Blog it simple, stupid!
bliss
is a moderately minimal blog generator, with a build script below 100 lines of shell. It's forked from Bradley Taunt's barf, and keeps things mostly the same while adding in a few little creature comforts for my own use.
- Extremely portable
- Automatic, valid RSS generation
- Handles both blog posts and normal pages
- No front matter or templating, just create markdown files
- rsync
- smu (see below)
- entr (optional)
- standard UNIX tools
Clone this repo and navigate inside it. Edit the "header.html" and "footer.html" files with your own information, navigation, etc.
Be sure to edit the RSS meta url or else your feed won't validate!
Then, clone and build Bradley Taunt's version of smu:
git clone https://git.sr.ht/~bt/smu
cd smu
sudo make install
Then clone this directory and build:
make build
Your blog content will be in the docs
directory.
Now you can delete the dummy posts/pages and start making your own!
Media (such as images, videos) are placed in the public
folder and carried over to the docs
folder via rsync. You can easily remove this altogether inside the main bliss
script if you plan to store media elsewhere (or not use any at all).
Important Note: bliss
, as configured in this repository, expects to be served from <domain>/bliss
. You will likely need to change some values in index.html
if you're serving it from the root of your domain.
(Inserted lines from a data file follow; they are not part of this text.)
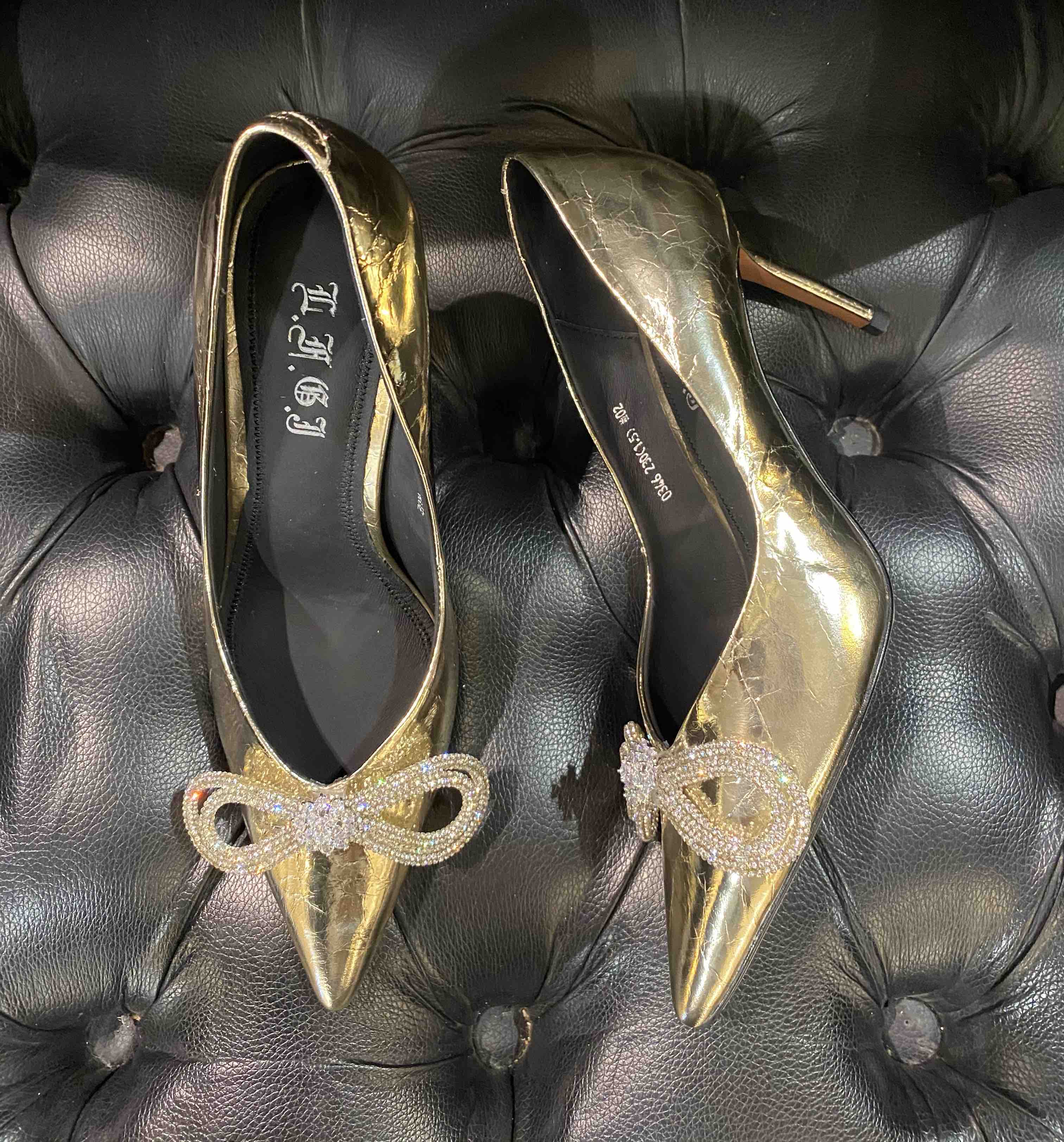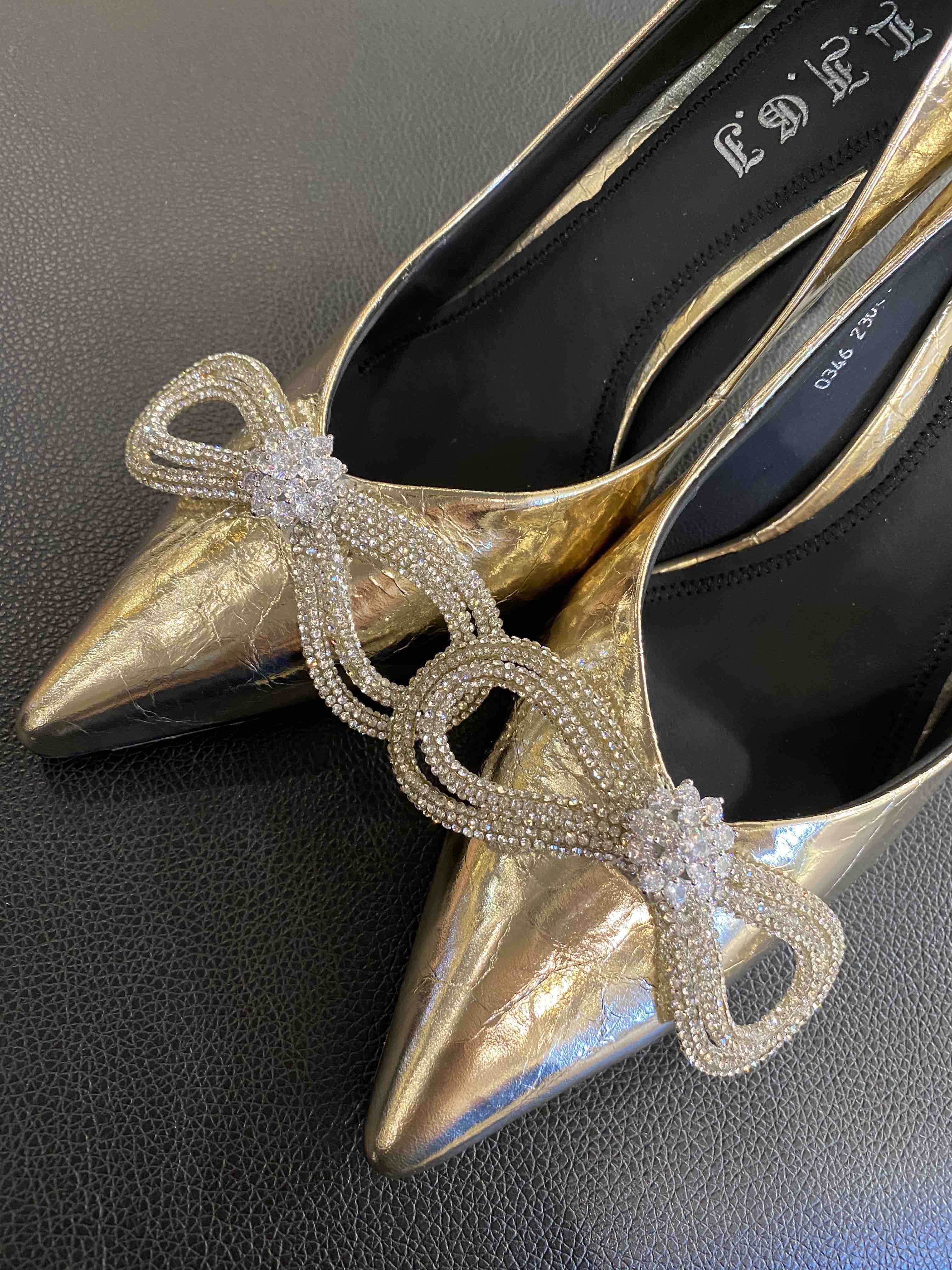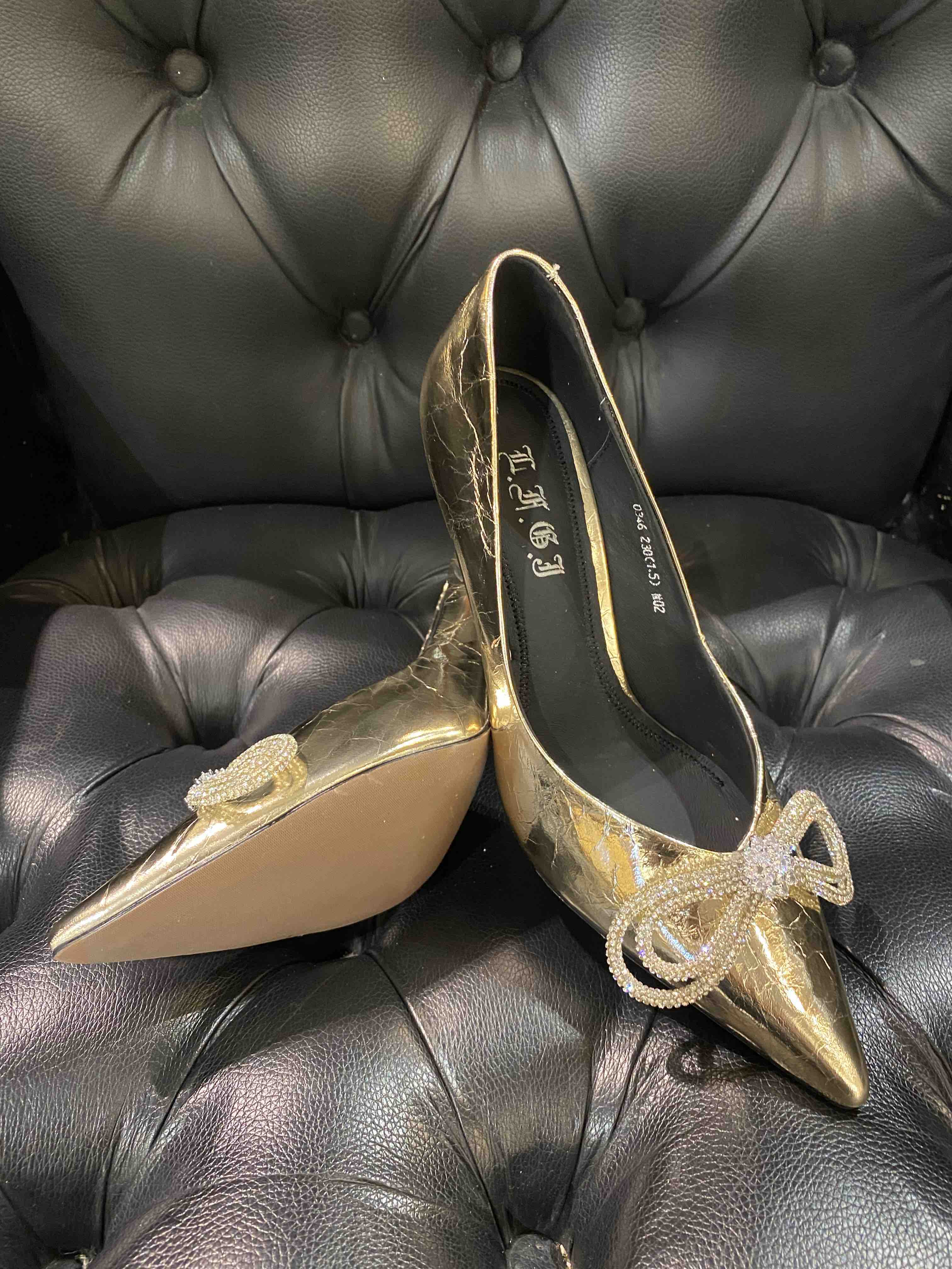 LFGJ 0346 金属色尖头细跟水钻蝴蝶结单鞋女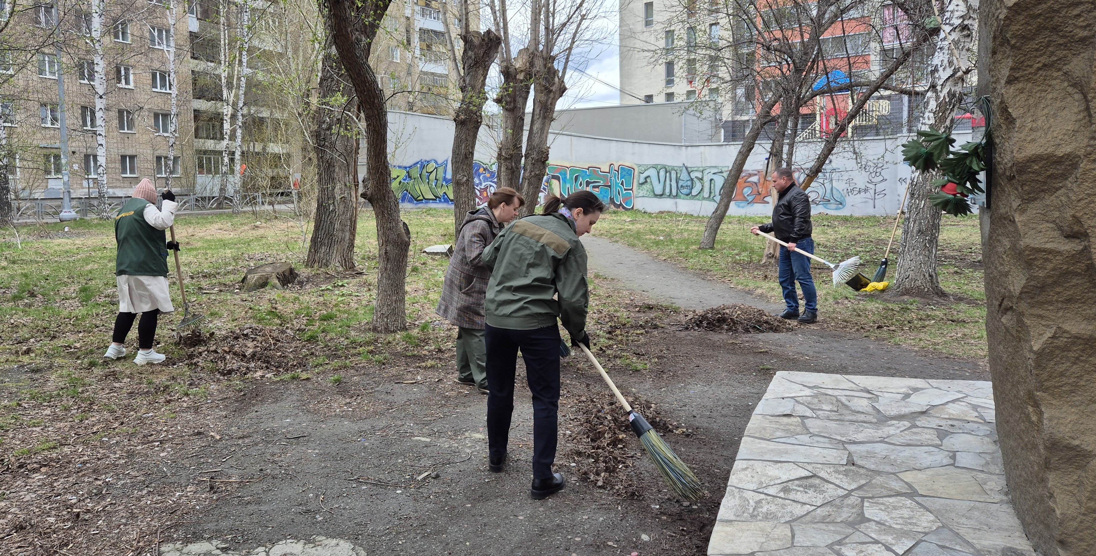 В Магнитогорске субботник был организован на территории Мемориала «Братские захоронения умерших в госпиталях города Магнитогорска воинов Великой Отечественной войны 1941-1945 гг.».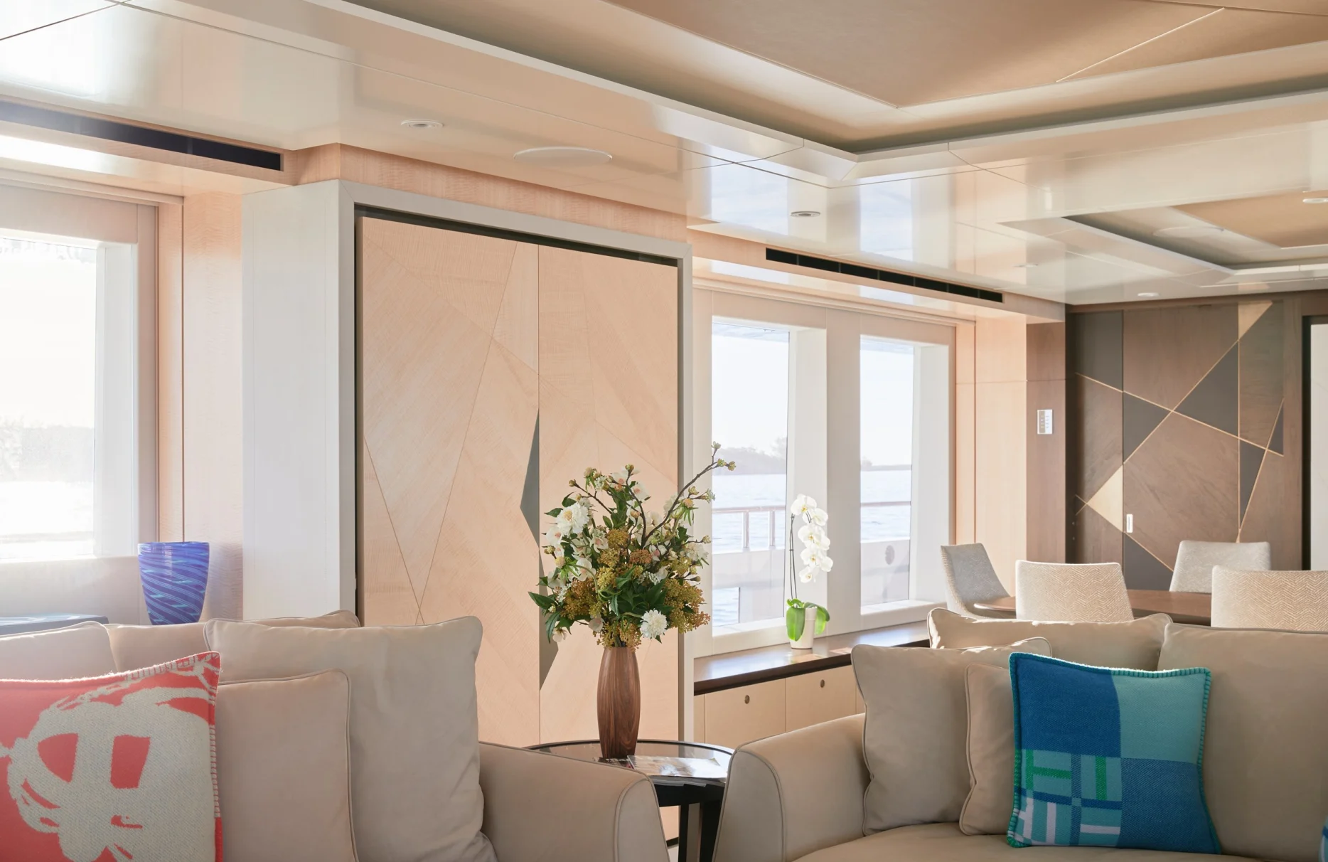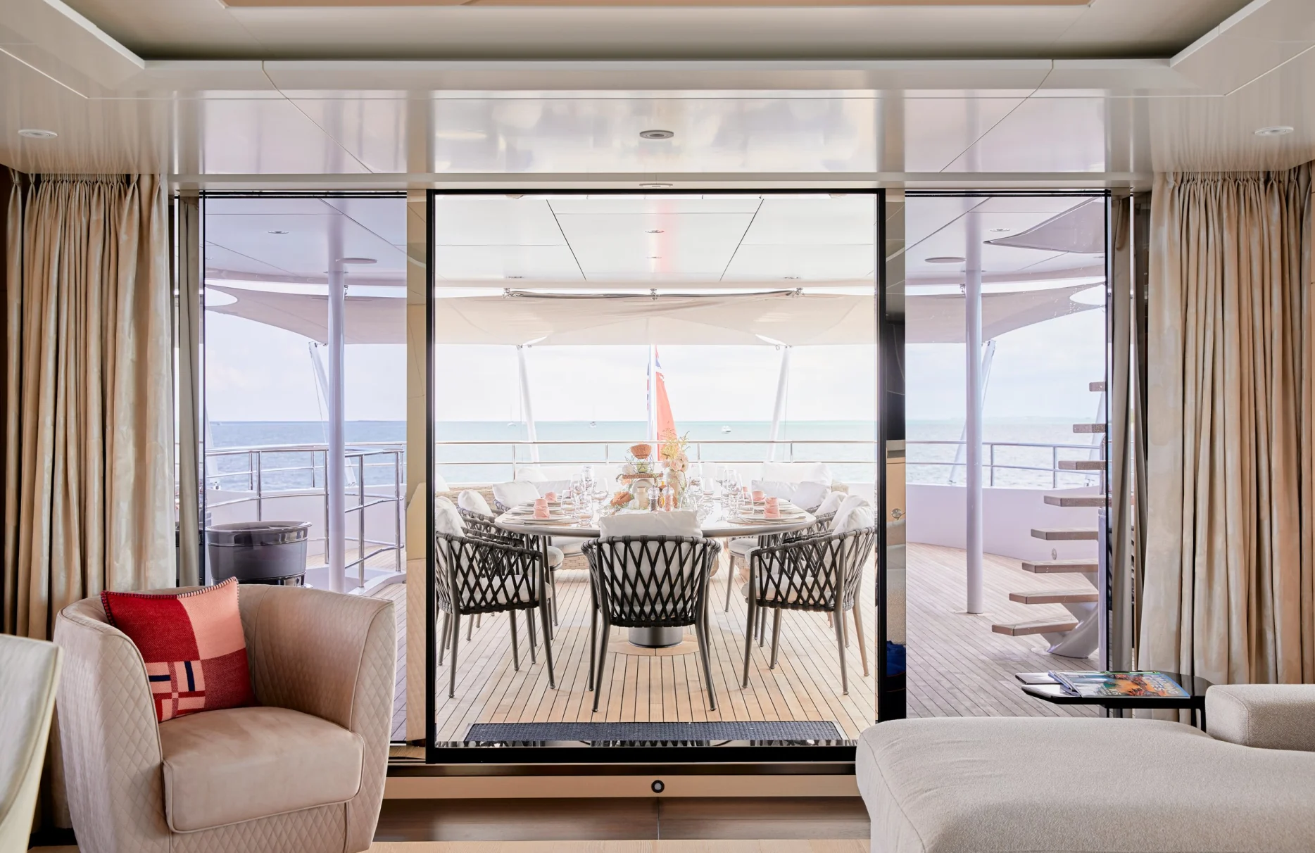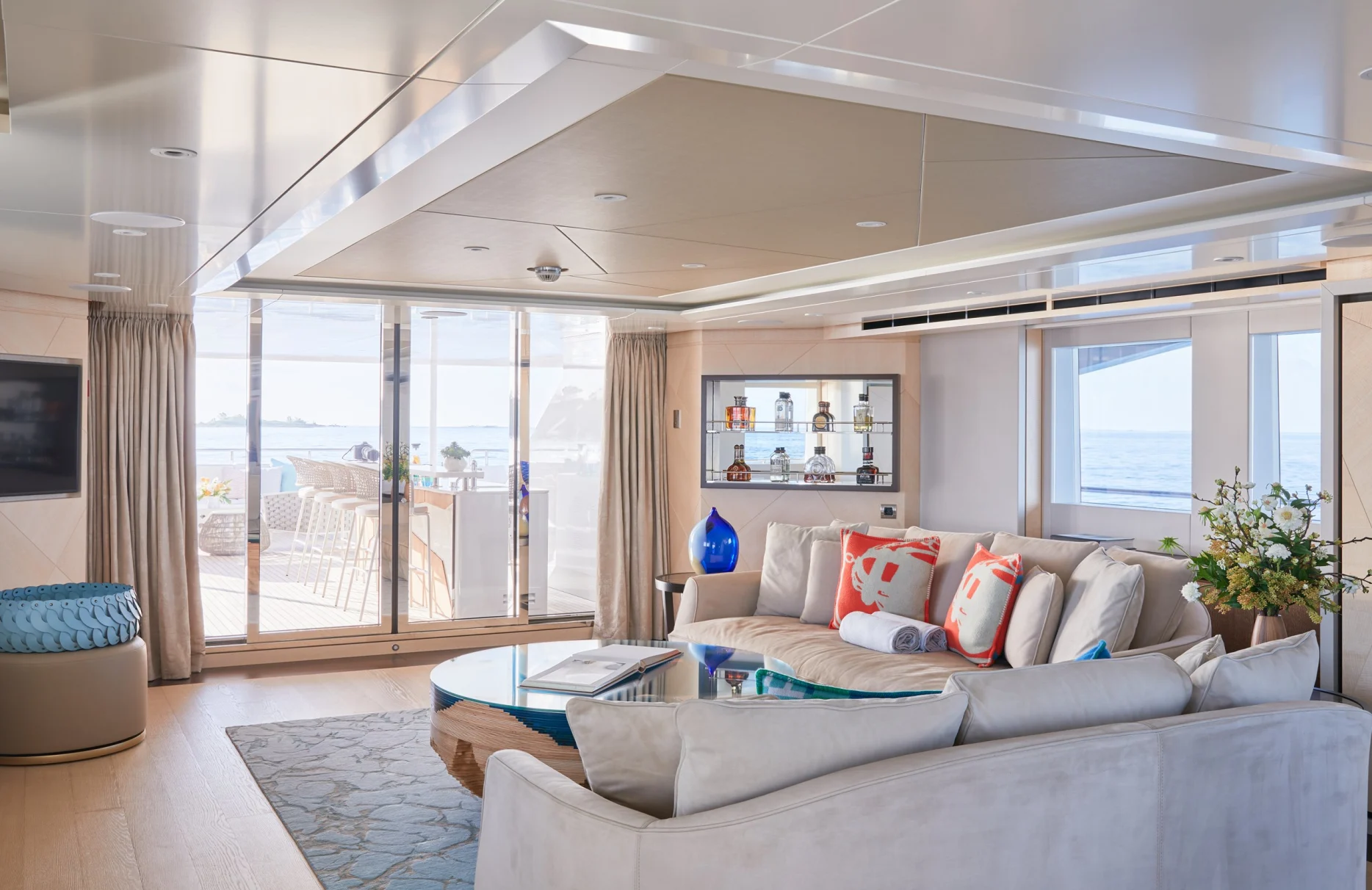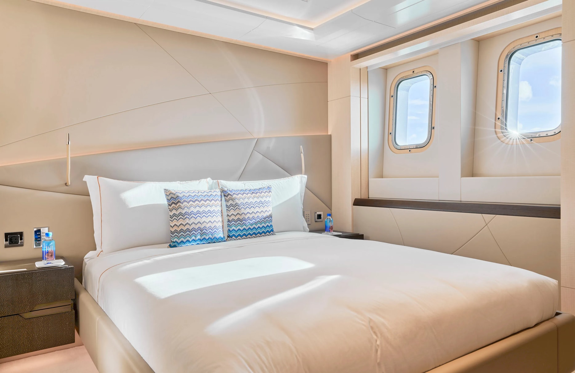 Arkadia offers a sanctuary for up to ten guests, with five exquisite suites that promise restful nights and vibrant mornings. Each cabin is a testament to refined design, where waking up to the gentle sway of the sea feels both thrilling and serene. The master suite, with its private study and dressing room, offers a personal retreat, while the double cabins provide relaxation and privacy. The flexible twin/double cabin can be adapted to your needs, ensuring each guest finds their perfect space. Here, the gentle whisper of the ocean lulls you to sleep, and the anticipation of another day of discovery wakes you with the first light.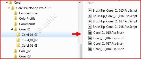 2 - Ils sont à placer dans le dossier Corel_ 01 ( Corel_1_01 /Corel_01_02 ou Corel_1_03) de PaintShop Pro 2019 (C:\ programmes/Corel/ Corel PaintShop Pro 2019 )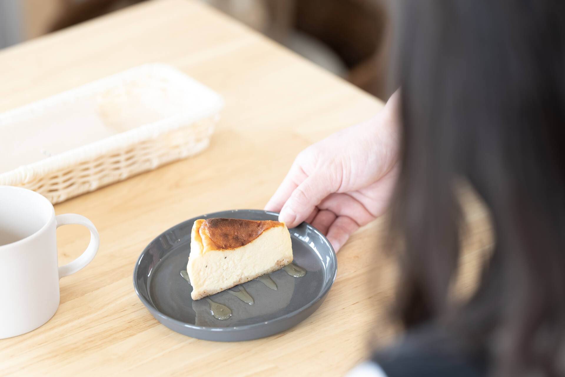 定番メニューの「バスクチーズケーキ」も中にローズマリーを練り込んで、ふわふわのパルミジャーノを混ぜたりしていて。ローズマリーを練り込んでいると生地に黒いつぶつぶが見えるので、これはローズマリーなんですと説明すると、すごく驚かれますね。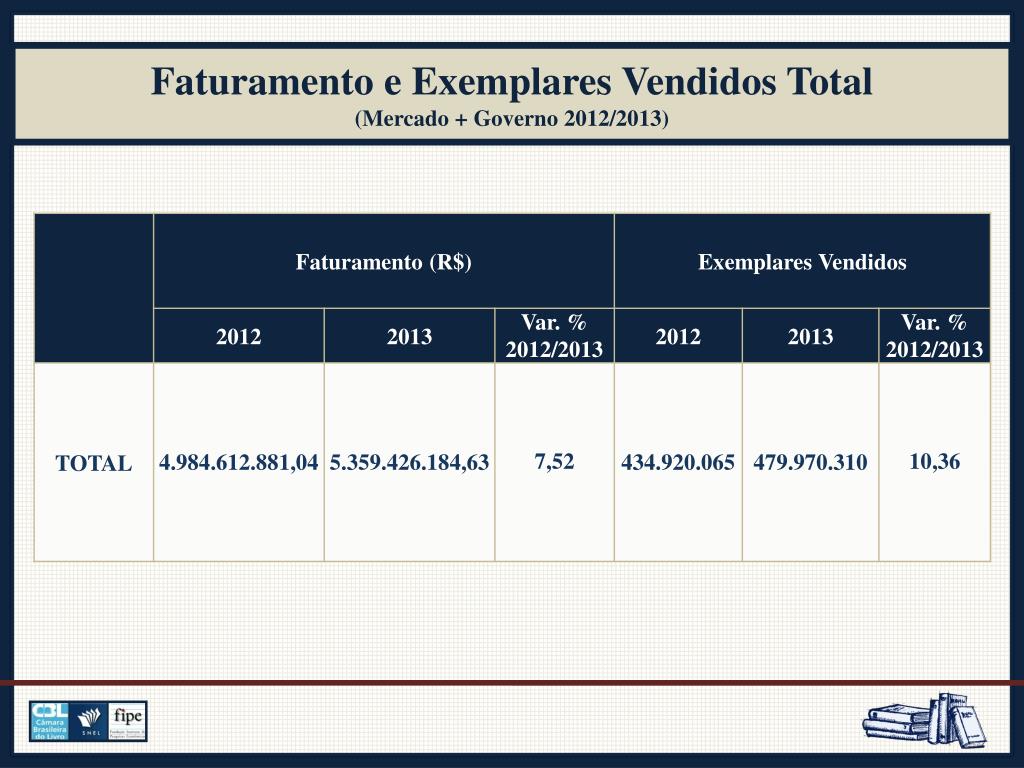 Faturamento e Exemplares Vendidos Total • (Mercado + Governo 2012/2013)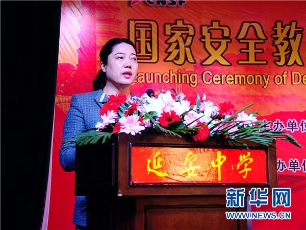 ????延安中學(xué)校長蘭愛平在延安中學(xué)“國家安全教育示范基地”啟動儀式上發(fā)言。(新華網(wǎng)記者 郝斐然 攝)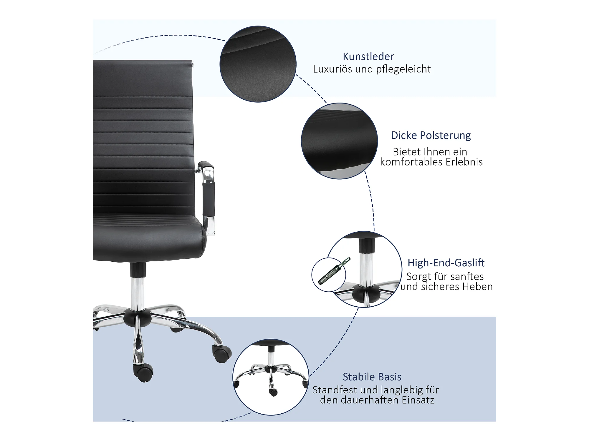 Cadeira executiva ergonômica, altura ajustável, assento acolchoado em couro sintético e espuma, preta, confortável para escritório

The first line of any markdown file inside your posts
directory should start with a h1 heading, then a line break, then the date in YYYY-MM-DD
format.
Like so:
# This is the Post Title
2023-01-05
Changing this structure or date format will break things or require you to edit the bliss
script accordingly.
bliss
is very easy to deploy to GitHub pages, and can be easily done without any need for Actions.
First of all, build your site, as outlined in the Basic Setup section above.
As bliss
builds to the docs
folder of our repository by default, you can simply configure GitHub pages to serve the page from /docs
. Now, every time you run make build
and push to the main branch, the site is updated, no fancy Actions or CI setup needed!
Inside your project directory run:
make watch
cd docs && python3 -m http.server 3003
The VSCode Live Server Extension is also a useful tool for previewing pages.
Of course! Simply edit the main bliss
script and swap out smu
with something else. I wouldn't advise doing this if you already have pre-existing content based-off smu
, since this could break some of your pages.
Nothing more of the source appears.